TASK: Only the lines from the line containing "portrait of happy" through the final line of the entries should be printed, exactly as given, with the pictures left out.

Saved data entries
★ ★ ★ ★ ★ ★ ★

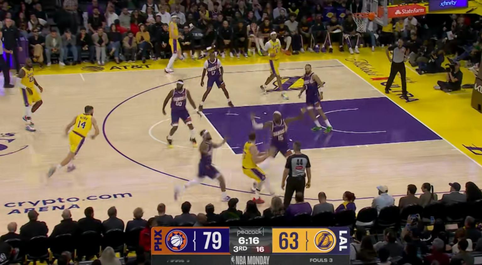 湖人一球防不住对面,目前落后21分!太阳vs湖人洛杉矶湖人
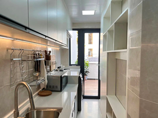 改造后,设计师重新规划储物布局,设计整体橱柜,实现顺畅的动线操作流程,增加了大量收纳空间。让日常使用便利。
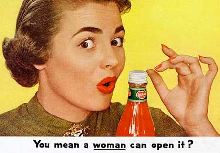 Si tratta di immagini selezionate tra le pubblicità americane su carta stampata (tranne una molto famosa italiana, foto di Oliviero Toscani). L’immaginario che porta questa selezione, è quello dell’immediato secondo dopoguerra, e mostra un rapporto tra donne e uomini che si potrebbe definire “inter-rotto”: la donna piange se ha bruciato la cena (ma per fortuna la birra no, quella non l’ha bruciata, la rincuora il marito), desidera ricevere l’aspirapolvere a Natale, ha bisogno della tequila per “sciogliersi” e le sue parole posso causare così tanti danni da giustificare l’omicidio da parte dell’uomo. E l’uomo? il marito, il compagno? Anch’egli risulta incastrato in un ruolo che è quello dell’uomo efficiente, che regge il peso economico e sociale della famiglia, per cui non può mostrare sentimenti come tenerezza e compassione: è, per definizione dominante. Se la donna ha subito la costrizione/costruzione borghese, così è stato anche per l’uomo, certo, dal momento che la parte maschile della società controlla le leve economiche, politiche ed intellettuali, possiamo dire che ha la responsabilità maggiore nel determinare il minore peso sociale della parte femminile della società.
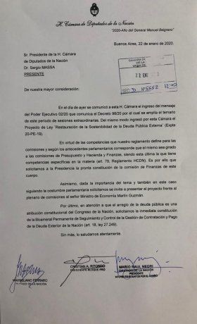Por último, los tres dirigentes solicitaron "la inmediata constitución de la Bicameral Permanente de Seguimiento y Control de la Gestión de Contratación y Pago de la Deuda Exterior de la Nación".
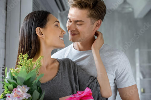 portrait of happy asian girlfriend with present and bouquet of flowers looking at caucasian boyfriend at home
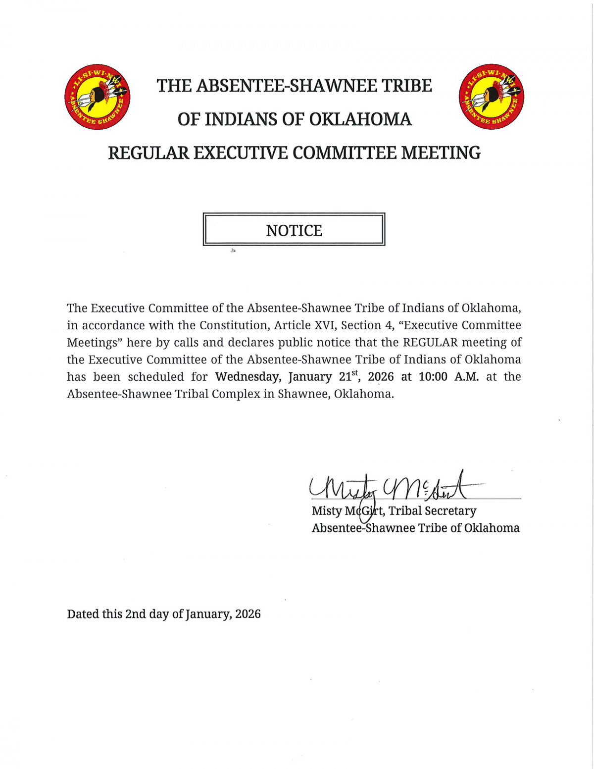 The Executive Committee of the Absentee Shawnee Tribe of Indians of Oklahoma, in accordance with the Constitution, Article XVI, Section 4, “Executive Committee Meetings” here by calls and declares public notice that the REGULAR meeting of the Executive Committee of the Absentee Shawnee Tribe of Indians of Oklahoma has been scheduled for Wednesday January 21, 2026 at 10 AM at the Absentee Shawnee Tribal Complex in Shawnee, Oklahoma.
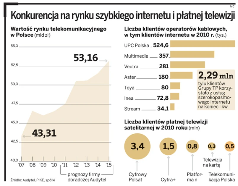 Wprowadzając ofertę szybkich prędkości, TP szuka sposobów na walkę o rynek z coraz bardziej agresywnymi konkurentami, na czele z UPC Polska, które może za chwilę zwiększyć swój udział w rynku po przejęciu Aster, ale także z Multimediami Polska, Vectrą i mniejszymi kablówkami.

★ ★ ★ ★ ★ ★ ★

RESPONSE AREA:
 portrait of happy asian girlfriend with present and bouquet of flowers looking at caucasian boyfriend at home
 The Executive Committee of the Absentee Shawnee Tribe of Indians of Oklahoma, in accordance with the Constitution, Article XVI, Section 4, “Executive Committee Meetings” here by calls and declares public notice that the REGULAR meeting of the Executive Committee of the Absentee Shawnee Tribe of Indians of Oklahoma has been scheduled for Wednesday January 21, 2026 at 10 AM at the Absentee Shawnee Tribal Complex in Shawnee, Oklahoma.
 Wprowadzając ofertę szybkich prędkości, TP szuka sposobów na walkę o rynek z coraz bardziej agresywnymi konkurentami, na czele z UPC Polska, które może za chwilę zwiększyć swój udział w rynku po przejęciu Aster, ale także z Multimediami Polska, Vectrą i mniejszymi kablówkami.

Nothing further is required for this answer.